◆ Source data:
..............................

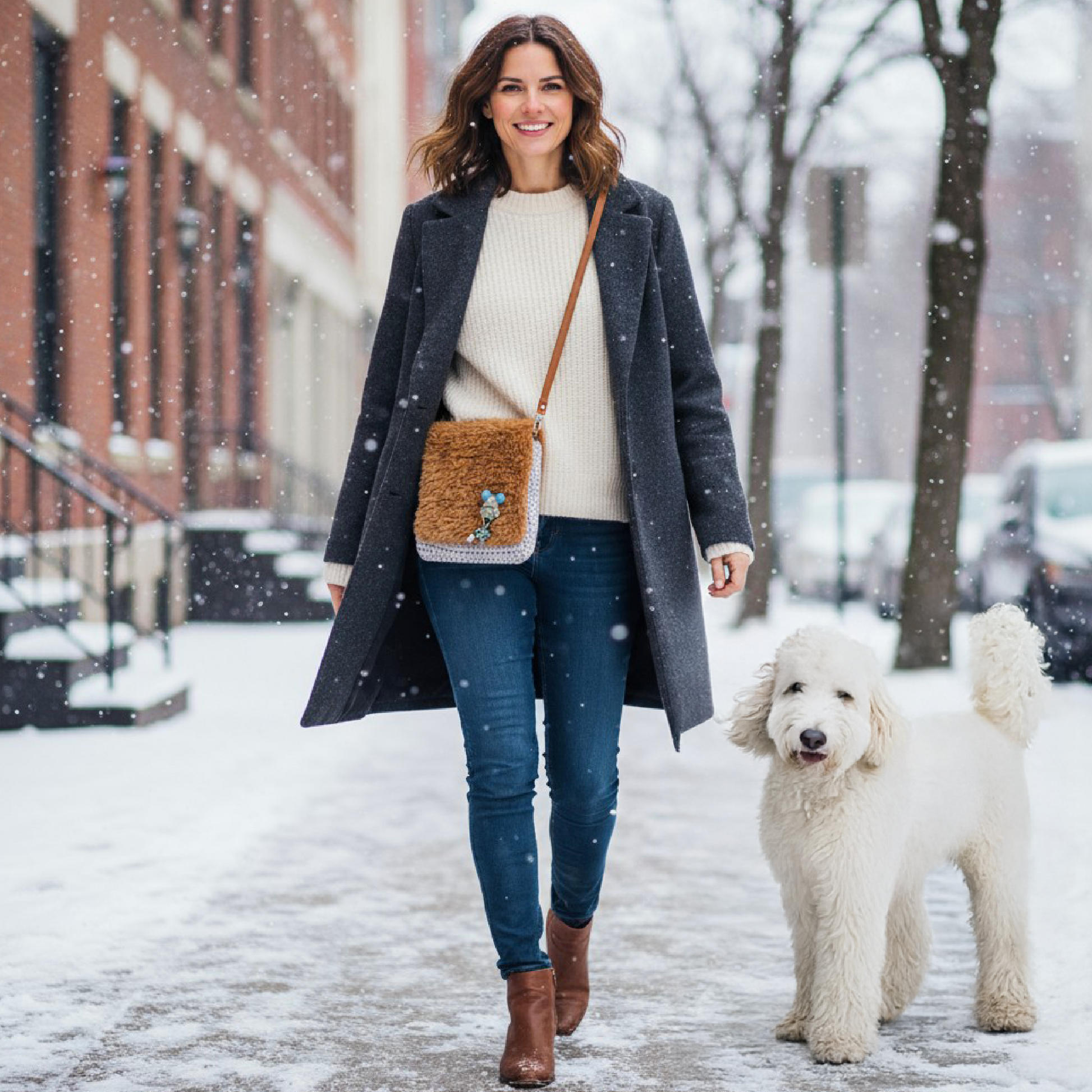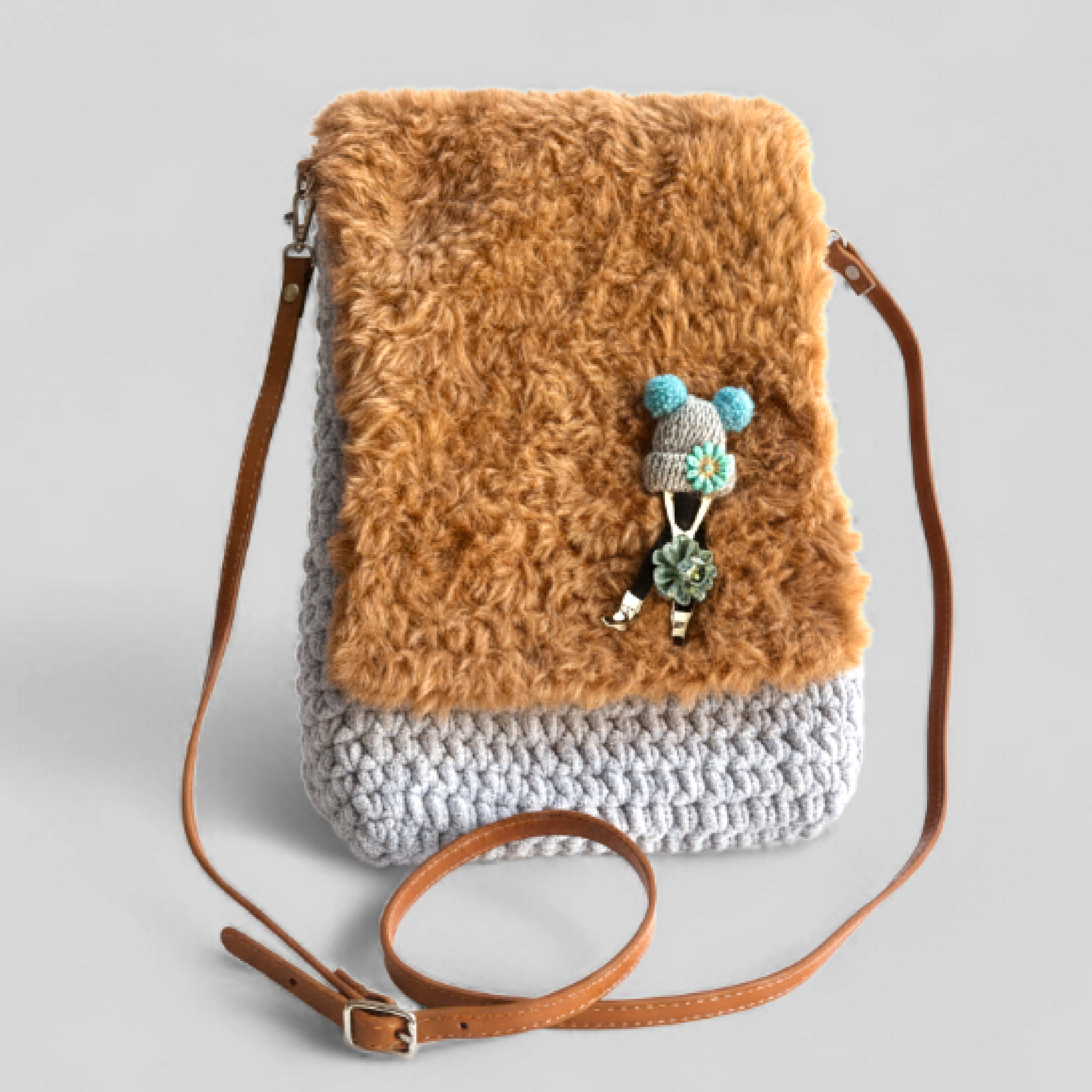 Der verstellbare Kunstledergurt sorgt für Komfort und Flexibilität, während die kleine Ansteckfigur mit Mütze und Blume einen charmanten Akzent setzt. Ob beim Spaziergang durch die Stadt oder im Winterurlaub – diese Tasche begleitet dich mit natürlicher Eleganz und einer Portion Individualität.
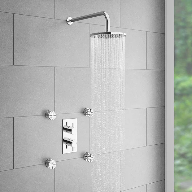 The stylish Cruze shower package, includes a concealed thermostatic shower valve with diverter, round fixed shower head & 4 body jets. This shower pack will compliment any modern bathroom suite, offers thermostatic showering via two easy-to-operate controls for temperature and flow. This shower valve has the added safety benefit of a built in anti scald device should the cold water supply fail. Diverts between two shower accessories: fixed head/body jets.
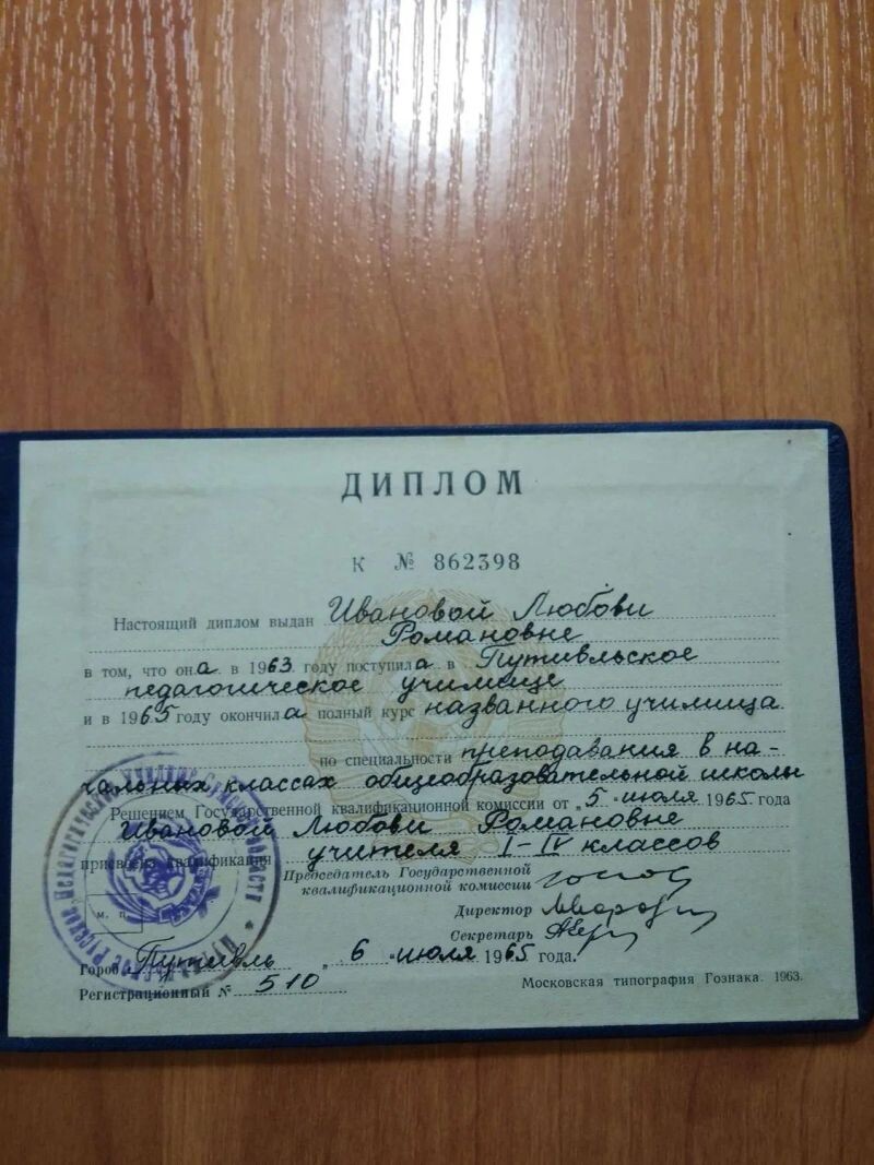 - Путивльское педагогическое училище, специальность «учитель начальных классов», 1963–1965 гг.

..............................

◆ Problem to work on: Print exactly, and only, the lines from the one with "The stylish Cruze" through the last line of the listing above. No pictures belong in the copy.

◆ Response area:
 The stylish Cruze shower package, includes a concealed thermostatic shower valve with diverter, round fixed shower head & 4 body jets. This shower pack will compliment any modern bathroom suite, offers thermostatic showering via two easy-to-operate controls for temperature and flow. This shower valve has the added safety benefit of a built in anti scald device should the cold water supply fail. Diverts between two shower accessories: fixed head/body jets.
 - Путивльское педагогическое училище, специальность «учитель начальных классов», 1963–1965 гг.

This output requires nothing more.